== Available data ==
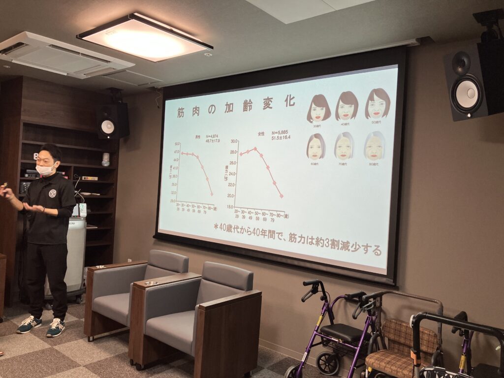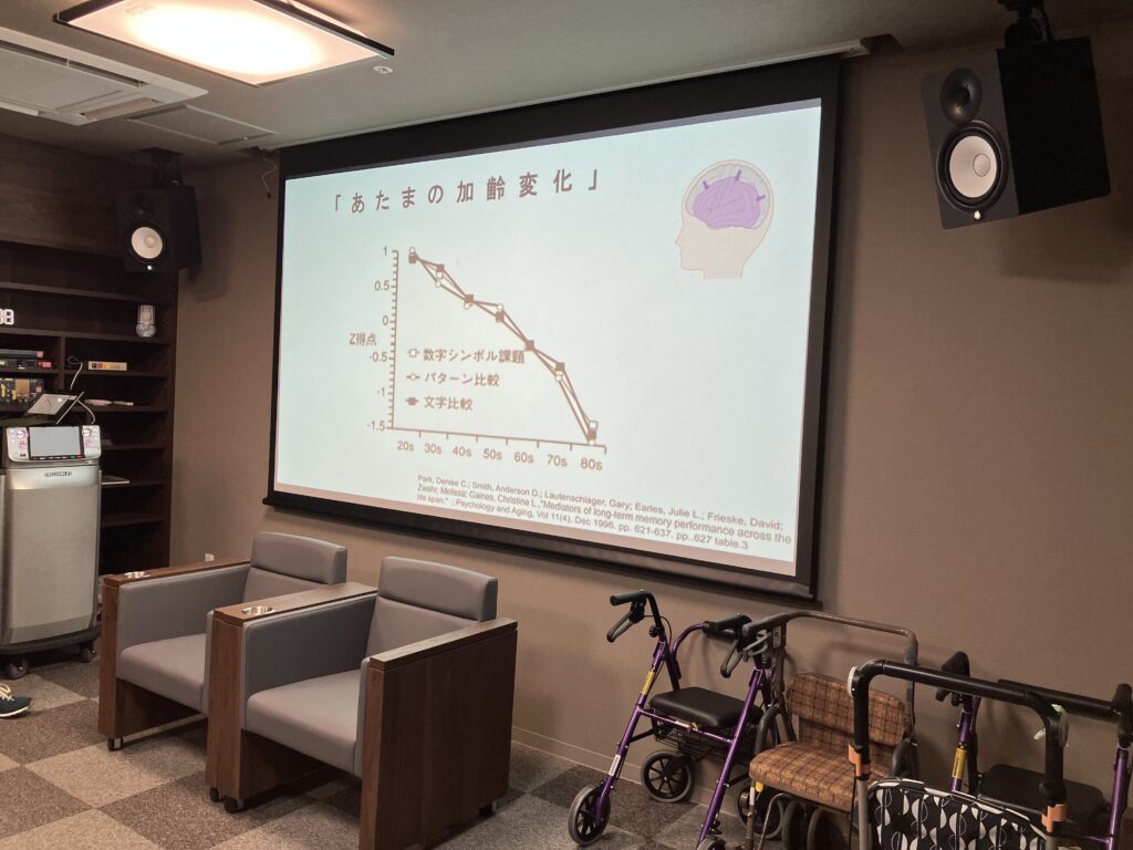 始めに、パワーポイントを使って人間の加齢変化について学びました。画像もあってわかりやすいです!
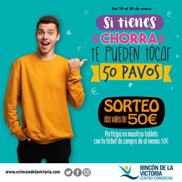 2. El premio, para cada uno de los 2 ganadores, consiste en 50€ para compras/consumiciones en un establecimiento de Centro Comercial Rincón de la Victoria.
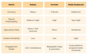O cerne do argumento da BGA é que as economias de jogos bem-sucedidas, como as de ROBLOX e FORTNITE, são construídas sobre moedas estáveis e de ciclo fechado. Essa estabilidade é o que permite que os criadores construam negócios reais. Ela também garante confiança para que jogadores gastem sem medo de perdas inesperadas. Essa lógica explica por que os 10 principais criadores do Roblox ganham em média US$ 38 milhões anualmente, um feito possível graças a uma taxa de câmbio fixa que os protege das oscilações do mercado.
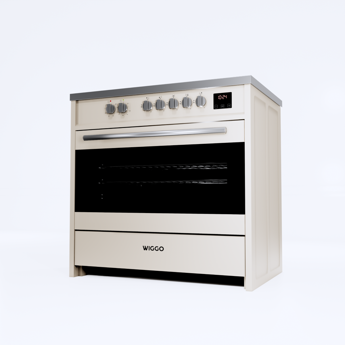 De Wiggo WIO-E921A(CX) is een krachtig en ruim vrijstaand inductie fornuis van 90 cm, ontworpen voor kookliefhebbers die maximale flexibiliteit, precisie en capaciteit zoeken. Met zijn strakke Creme design, brede inductiekookplaat en extra grote oven is dit fornuis ideaal voor gezinnen, hobbykoks en iedereen die graag meerdere gerechten tegelijk bereidt.
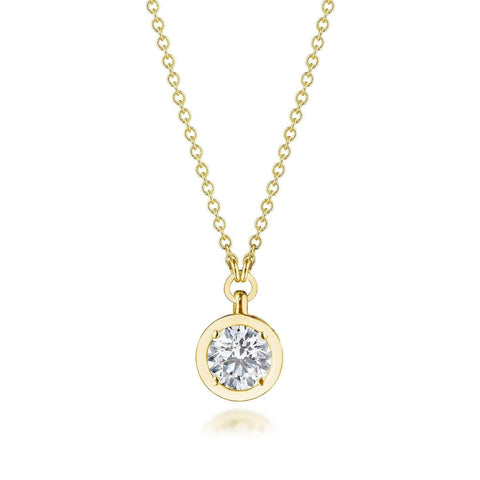 A bezel pendant of captivating depths. The high polish frame enthralls the lab grown diamond center. On the reverse, TACORI Crescent detailing and pinpoint mined diamonds add dimension.
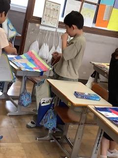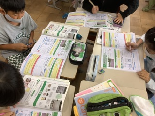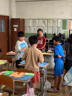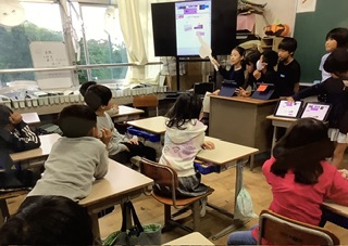 4年生が1学期に参加したり、学習したりしたことを来年、参加する3年生に発表しました。来年、3年生が少しでも不安が少なくなるようにわかりやすくまとめていました。
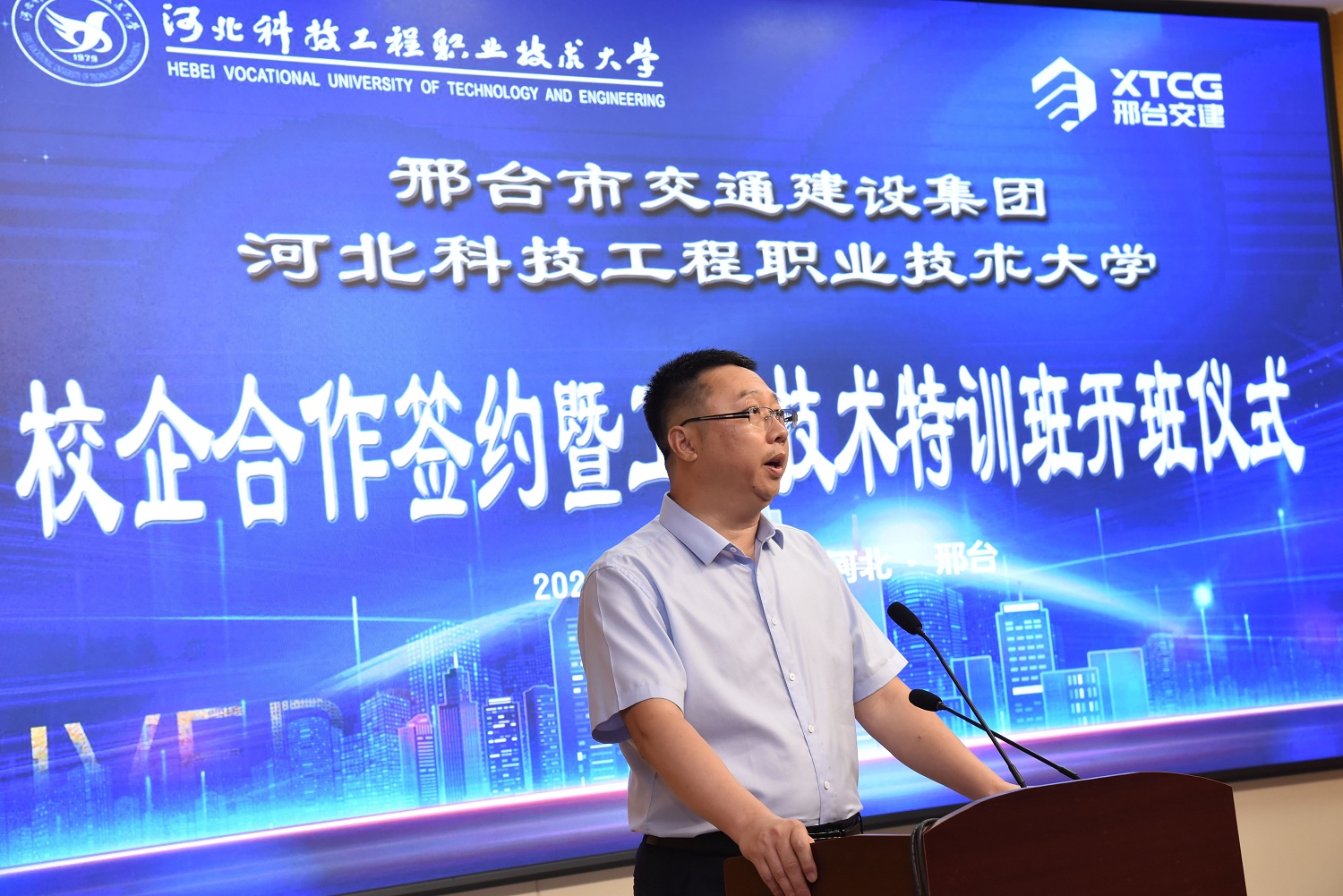 之后,马东霄校长与集团领导刘立军签署校企战略合作协议。李贤彬副校长与集团党委副书记、副总经理郑小刚签署邢台交建产业学院协议。集团马骅董事长与刘彩琴书记共同为邢台交建产业学院揭牌,与会的各位领导也一同上台见证此次揭牌仪式。
===
* **What needs to be done**: Pictures do not belong in the copy. Reproduce the rest of the data exactly.

* **Reply to the task**:
 始めに、パワーポイントを使って人間の加齢変化について学びました。画像もあってわかりやすいです!
 2. El premio, para cada uno de los 2 ganadores, consiste en 50€ para compras/consumiciones en un establecimiento de Centro Comercial Rincón de la Victoria.
O cerne do argumento da BGA é que as economias de jogos bem-sucedidas, como as de ROBLOX e FORTNITE, são construídas sobre moedas estáveis e de ciclo fechado. Essa estabilidade é o que permite que os criadores construam negócios reais. Ela também garante confiança para que jogadores gastem sem medo de perdas inesperadas. Essa lógica explica por que os 10 principais criadores do Roblox ganham em média US$ 38 milhões anualmente, um feito possível graças a uma taxa de câmbio fixa que os protege das oscilações do mercado.
 De Wiggo WIO-E921A(CX) is een krachtig en ruim vrijstaand inductie fornuis van 90 cm, ontworpen voor kookliefhebbers die maximale flexibiliteit, precisie en capaciteit zoeken. Met zijn strakke Creme design, brede inductiekookplaat en extra grote oven is dit fornuis ideaal voor gezinnen, hobbykoks en iedereen die graag meerdere gerechten tegelijk bereidt.
 A bezel pendant of captivating depths. The high polish frame enthralls the lab grown diamond center. On the reverse, TACORI Crescent detailing and pinpoint mined diamonds add dimension.
 4年生が1学期に参加したり、学習したりしたことを来年、参加する3年生に発表しました。来年、3年生が少しでも不安が少なくなるようにわかりやすくまとめていました。
 之后,马东霄校长与集团领导刘立军签署校企战略合作协议。李贤彬副校长与集团党委副书记、副总经理郑小刚签署邢台交建产业学院协议。集团马骅董事长与刘彩琴书记共同为邢台交建产业学院揭牌,与会的各位领导也一同上台见证此次揭牌仪式。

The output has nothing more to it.